■ EXERCISE ■
Exactly and only the lines below from the one containing "據(jù)不完全統(tǒng" down to the one containing "Para finalizar o" are wanted, both included; please exclude every picture.

■ RECORDS SHOWN ■
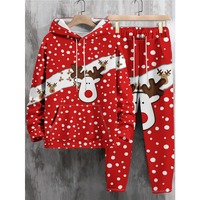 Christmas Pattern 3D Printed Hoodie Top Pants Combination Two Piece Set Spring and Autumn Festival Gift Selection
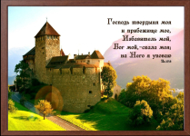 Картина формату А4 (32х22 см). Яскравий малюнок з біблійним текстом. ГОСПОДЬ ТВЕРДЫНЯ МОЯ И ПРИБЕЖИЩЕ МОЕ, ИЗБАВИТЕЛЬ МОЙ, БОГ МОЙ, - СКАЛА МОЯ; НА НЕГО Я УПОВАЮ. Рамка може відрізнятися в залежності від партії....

---

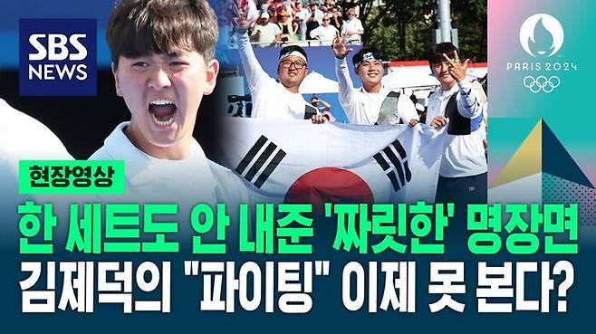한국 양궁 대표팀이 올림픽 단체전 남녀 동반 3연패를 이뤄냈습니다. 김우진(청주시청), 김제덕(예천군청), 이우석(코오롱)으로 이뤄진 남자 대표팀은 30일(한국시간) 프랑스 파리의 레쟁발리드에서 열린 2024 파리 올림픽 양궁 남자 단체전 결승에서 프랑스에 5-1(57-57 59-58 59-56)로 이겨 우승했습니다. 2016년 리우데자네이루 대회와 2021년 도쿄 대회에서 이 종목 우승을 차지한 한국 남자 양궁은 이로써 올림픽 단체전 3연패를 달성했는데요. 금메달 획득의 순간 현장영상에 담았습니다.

---

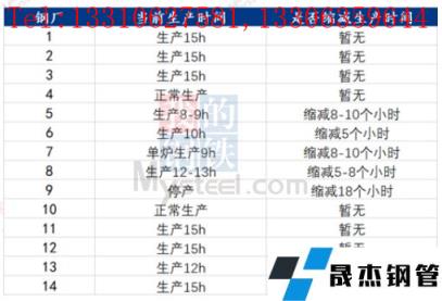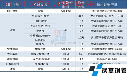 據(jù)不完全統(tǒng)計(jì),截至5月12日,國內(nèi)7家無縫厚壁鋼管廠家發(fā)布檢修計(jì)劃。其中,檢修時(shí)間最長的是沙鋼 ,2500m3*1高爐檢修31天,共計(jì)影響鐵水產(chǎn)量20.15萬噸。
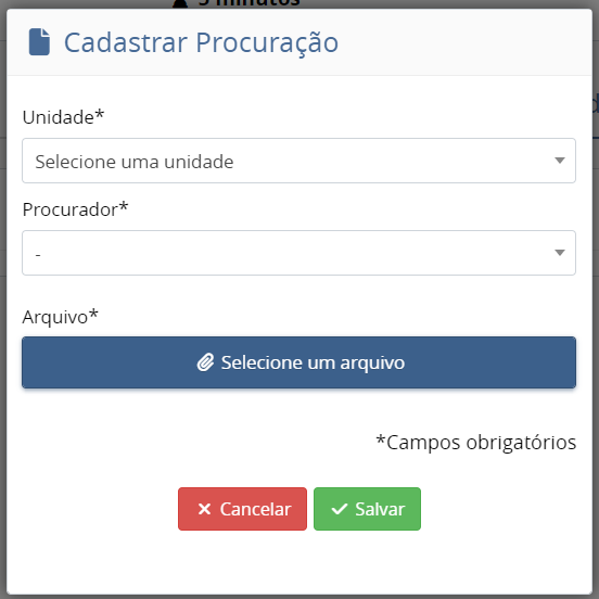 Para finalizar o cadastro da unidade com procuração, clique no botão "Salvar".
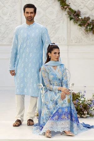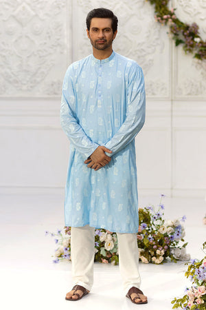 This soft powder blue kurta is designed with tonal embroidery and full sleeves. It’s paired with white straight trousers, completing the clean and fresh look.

■ COMPLETED TASK ■
 據(jù)不完全統(tǒng)計(jì),截至5月12日,國內(nèi)7家無縫厚壁鋼管廠家發(fā)布檢修計(jì)劃。其中,檢修時(shí)間最長的是沙鋼 ,2500m3*1高爐檢修31天,共計(jì)影響鐵水產(chǎn)量20.15萬噸。
 Para finalizar o cadastro da unidade com procuração, clique no botão "Salvar".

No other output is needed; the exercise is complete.